Antioxidants have made the news a gazillion times in the last few years. After listening to the same information over and over again, I tuned it out. Today I’m paying attention.

Synthetic antioxidants nearly eliminated pain-like behavior in almost three-quarters of mice with inflamed paws. Mice aren’t humans, of course, but it’s an interesting start. Antioxidants are an emerging research interest; with findings such as these, the interest can only grow.

Right now pain treatments options are at extreme ends. OTC painkillers are on one side and opioids are at the other end, with little in between. Finding an effective middle-ground has been tough, but the antioxidant research appears promising (to my untrained eye).

Antioxidants neutralize free radicals, substances that damage cells. While our bodies constantly produce free radicals, healthy tissues inactivate these damaging substances and keep their levels in check. It’s when free-radical production somehow exceeds the body’s natural defenses that problems occur. Researchers have linked this excessive production to diseases like cancer and Alzheimer’s.

A handful of studies published in the last 10 years suggest that free radicals may also contribute to chronic pain. Left unchecked, free radicals build up in the body and can further damage already-injured tissue.

An equally small number of studies, including those by Stephens, suggest that antioxidants may fight chronic pain by helping the body to break down free radicals.

4 Responses to Treating Pain With Antioxidants

  1. Christina P says:

    This is definitely something to keep an eye on. However, I would not rush out and swallow handsful of random anti-oxidants.

    CoQ10 is an anti-oxidant, and there have been positive studies of CoQ10 in the prevention of migraine. I was taking CoQ10 myself–until the Vitamin E study results came out. The Vitamin E study showed that people who had taken more than 400 IU of Vitamin E a day had a higher mortality than those who had taken 400 IU or less. Hmmm…

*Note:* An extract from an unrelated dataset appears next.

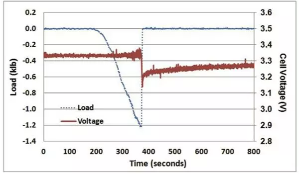 為了方便讀者理解本文,下圖是給出了LFP電池一個非常典型的成功通過機械擠壓測試(正反饋)的判據(jù),電池擠壓變形達到一定的程度后,引起了電池內短路的發(fā)生,電池電壓迅速下降,檢測到電壓下降后(0.1V),擠壓力隨之被移除,電池的電壓快速回升,電池沒有發(fā)生熱失控,則電池通過擠壓實驗。

    You see, if you take too much anti-oxidant, it can reverse and become pro-oxidant. So–how much is too much? Well, here we go again with that pesky problem of unknowable and unmeasurable things happening inside the brain. Nitric oxide and free radicals (for those of you who took chemistry) do play a role in migraine, and anti-oxidants are free radical scavengers. So, there is a rationale here.

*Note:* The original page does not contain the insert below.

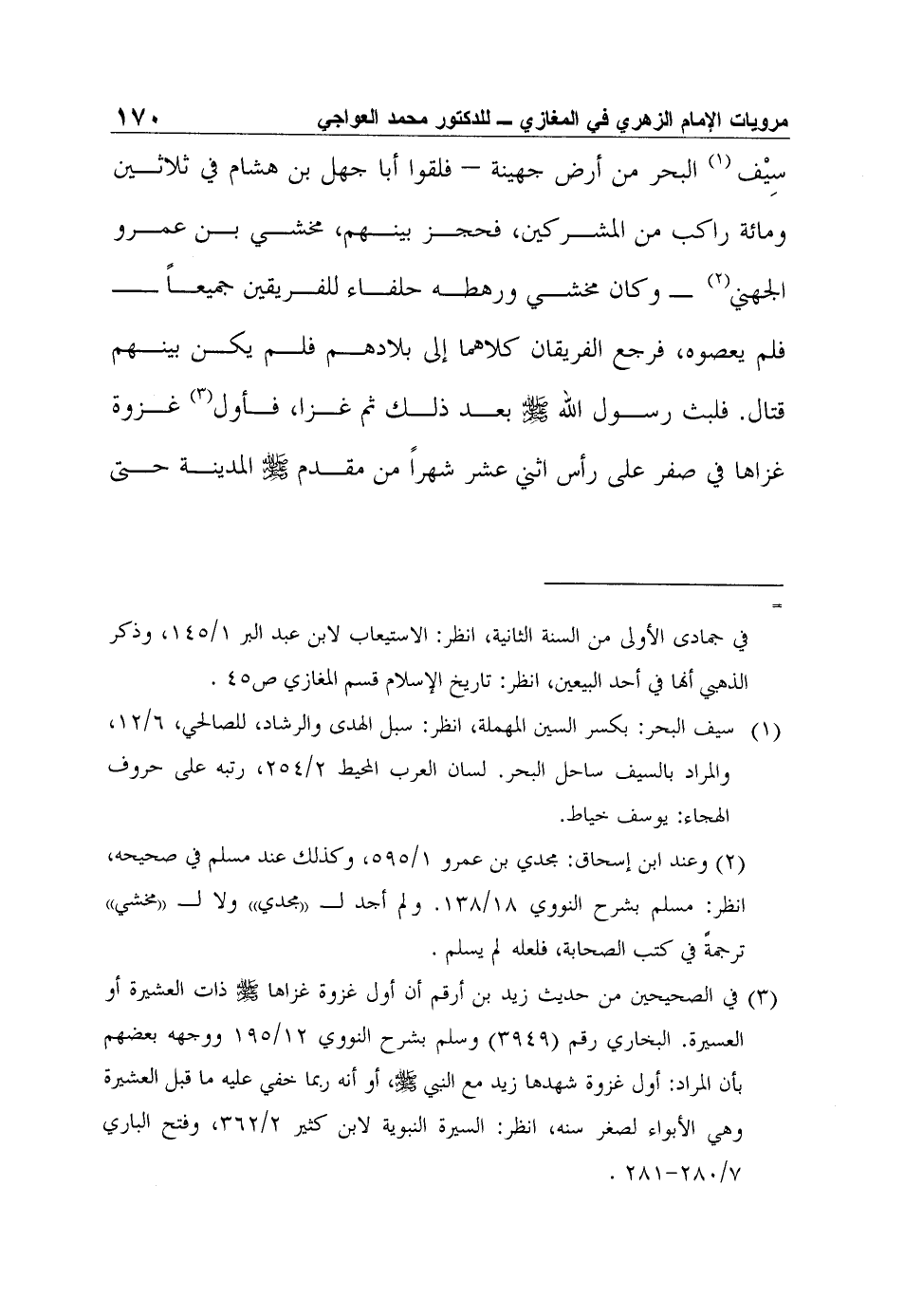 3 في الصحيحين من حديث زيد بن أرقم أن أول غزوة غزاها صلى الله عليه وسلم ذات العشيرة أو العسيرة. البخاري رقم (3949) وسلم بشرح النووي 12/195 ووجهه بعضهم بأن المراد: أول غزوة شهدها زيد مع النبي صلى الله عليه وسلم، أو أنه ربما خفي عليه ما قبل العشيرة وهي الأبواء لصغر سنه، انظر: السيرة النبوية لابن كثير 2/362، وفتح الباري 7/280-281.

    But, we are a long way from knowing if anti-oxidants are equivalent in effect, how much is optimal, and how best to get them into what part of the brain.

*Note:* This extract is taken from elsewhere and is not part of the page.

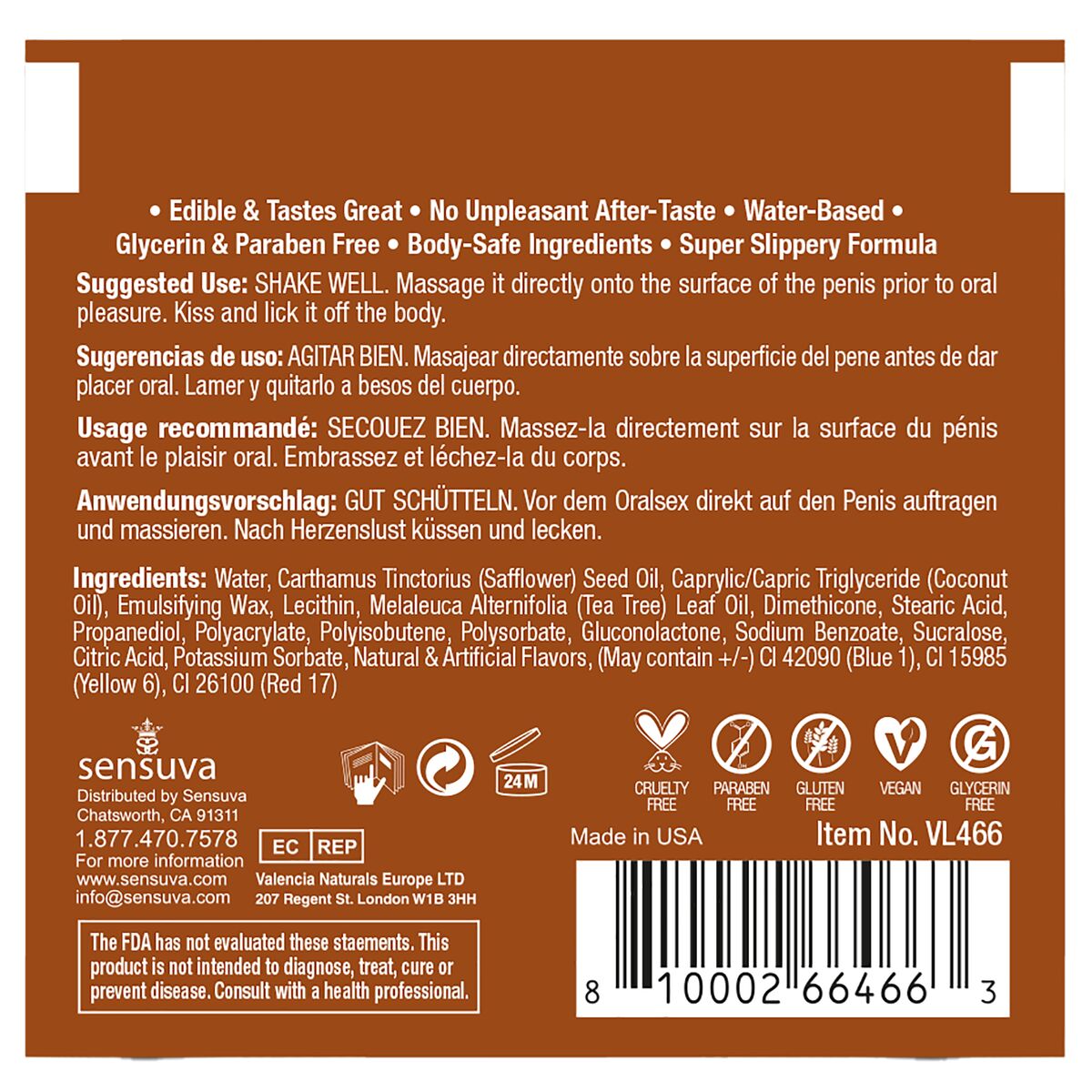 Lubrificante Aromatizzato Sensuva Caramello 6 ml 1 Pezzi

    Now–we need to get more people convinced that migraine research is important enough to dump money into!

    ********
    Thanks for the terrific information. (As always.)

    K

  2. L says:

    You may not need supplements. Perhaps an anti-inflammatory diet would do as well.

    *********
    Thanks for the suggestion!

    K

  3. L says:

    Of course, many suspected migraine triggers have lots of anti-oxidants – tea, coffee, chocolate – to name a few.

  4. Lola says:

    Since high school, I have had mild reactions every time I Chinese food. It started with just an upset stomach-like feeling and in the past couple of years, turned into migraines. I associated it with MSG and a food sensitivity. 2 weeks ago, I began taking an antioxidant juice, Monavie, and 2 days ago a business associate catered lunch for us…chinese food. To my surprise, I had no reaction that day or the next when we ate leftovers. I completely attribute this to the healing properties of anyioxidants.